Jaulian Monastery, Pakistan
Jaulian was constructed between the 2nd and 4th centuries in the early days of Buddhist expansion out of the Indian subcontinent in the Ancient state of Gandhara. Centered around the confluence of the Kabul and Swat rivers in Modern day Pakistan and Afghanistan, the region attained its greatest florescence during the Kushan Kushan between the 1st and 4th centuries CE. Jaulian is part of the Taxila archeological site, home to the ruins of a once thriving ancient city and center of learning in Gandhara. It was along the trade routes of Taxila Valley that buddhism is believed to have spread.

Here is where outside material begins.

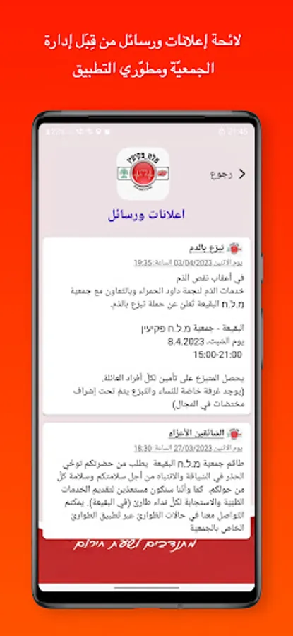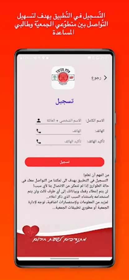 The emergency application of the Al-Baqi'a M.L. Association is intended for use by the residents of the Al-Baqi'a only,

The Buddhist monastery and associated stupas of the Jualian archaeological complex shed light on the early evolution and spread of Buddhism along the Silk Road. The complex of Jaulian consists of the main stupa and twenty-seven subsidiary stupas located around the main stupa and two adjacent courts. An additional fifty-nine chapels are located around the courts and feature scenes from the Buddha’s life. Several structures related to monastic life, including monk quarters, assembly hall, kitchen, and store room complete the complex.
Inscriptions in the Kharosthi script are located at the bottom of some of the stupas and chapels and feature the names and titles of their donors. They illustrate the importance of patronage to the spread of Buddhism in the region, and the many different classes of donors show the broad appeal and impact the religion had to many segments of society.